At least 30 people died in wildfires raging through parched farmlands and forests in Portugal and neighbouring Spain on Sunday and Monday, officials said.
Authorities said they were still battling 145 blazes in Portugal – still recovering from its deadliest fire on record in June – and another 100 in Spain. Portugal’s government asked for international help and declared a state of emergency in territory north of the Tagus river – about half of its landmass.
“We are facing new (weather) conditions… In an era of climate change, such disasters are becoming reality all over the world,” Portugal’s Interior Minister, Constanca Urbano de Sousa, said citing the fires burning in California.

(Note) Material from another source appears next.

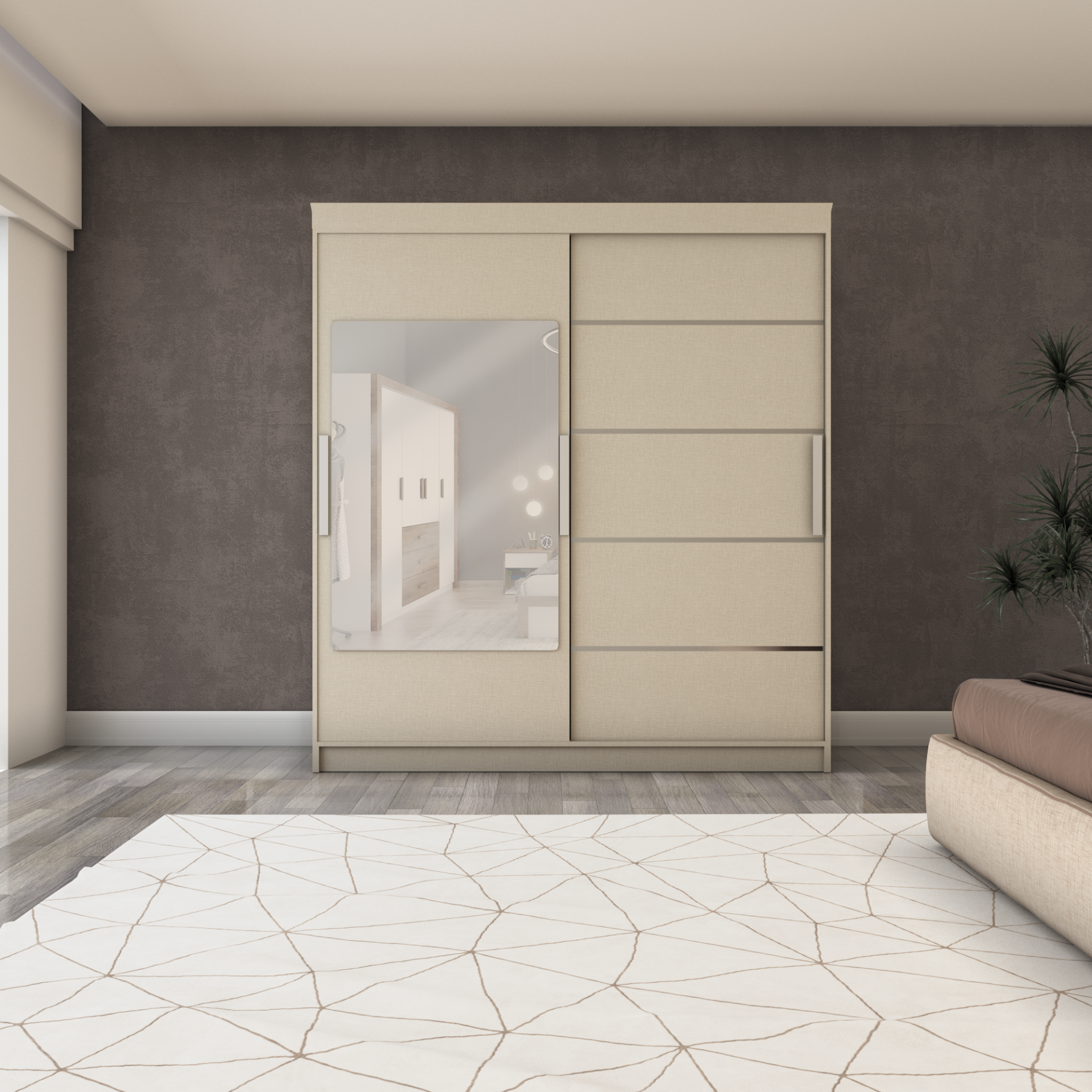 Sürgülü Gardırop iki kapaklı aynalı 180/210cm (KOTON VİZON)

Flames ripped across countryside left tinder-dry by an unusually hot summer and early autumn, fanned by strong winds as remnants of ex-Hurricane Ophelia brushed the Iberian coast.
Officials in Portugal and Spain said arsonists had started some of the blazes.

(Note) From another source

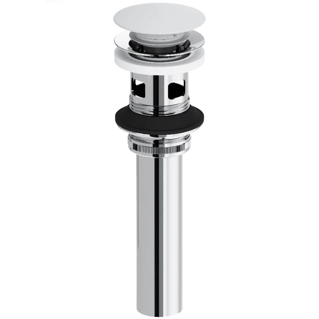 хромированное покрытие корпуса обладает высокой устойчивостью к механическим повреждениям. Белая заглушка станет стильным акцентом в интерьере ванной комнаты.

The weekend’s fires had killed at least 27 people and injured more than 50 in Portugal, civil protection service spokeswoman Patricia Gaspar said.
In June, 64 people died in a huge forest fire in central Portugal. The government has been criticised for a slow, inefficient response and a lack of fire-prevention policies.
Three people died in Spain’s Galicia region – two of them women found inside a burnt-out car, the third a man in his seventies, killed as he tried to save his farm animals, media reported.
Most of the fires in Galicia were started deliberately, the head of the regional government, Alberto Nunez Feijoo, said in a radio interview.
Spain’s Interior Minister Juan Ignacio Zoido said some of those responsible had already been identified. They could face up to 20 years in jail if convicted, police said. At least one person was arrested in Portugal for allegedly starting a fire.